Pinniwallago kanpurensis

Scientific classification
- Kingdom: Animalia
- Phylum: Chordata
- Class: Actinopterygii
- Division: Teleostei
- Order: Siluriformes
- Family: Siluridae
- Genus: Pinniwallago Gupta, Jayaram & Hajela, 1981
- Species: P. kanpurensis
- Binomial name: Pinniwallago kanpurensis Gupta, Jayaram & Hajela, 1981

= Pinniwallago kanpurensis =

- Genus: Pinniwallago
- Species: kanpurensis
- Authority: Gupta, Jayaram & Hajela, 1981
- Parent authority: Gupta, Jayaram & Hajela, 1981

Species of fish

Pinniwallago kanpurensis is the only species in the genus Pinniwallago of the catfish (order Siluriformes) family Siluridae. Pinniwallago is very similar in appearance to another silurid genus Wallago but is readily distinguished by the presence of a second dorsal fin. No other members of Siluridae have a second dorsal fin or adipose fin.

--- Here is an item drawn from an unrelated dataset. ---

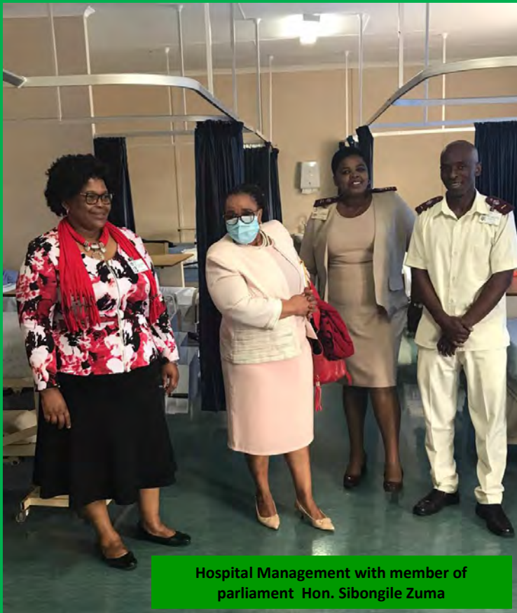
Hospital Management with member of parliament Hon. Sibongile Zuma

This species is known only from Uttar Pradesh, India. It reaches a length of about 50 centimetres (20 in).
A morphological examination of Pinniwallago kanpurensis specimens revealed irregularities in the internal supporting structures of the second dorsal fin. This study concluded that these specimens were, in fact, all aberrant specimens of Wallago attu, making P. kanpurensis a junior synonym of that species.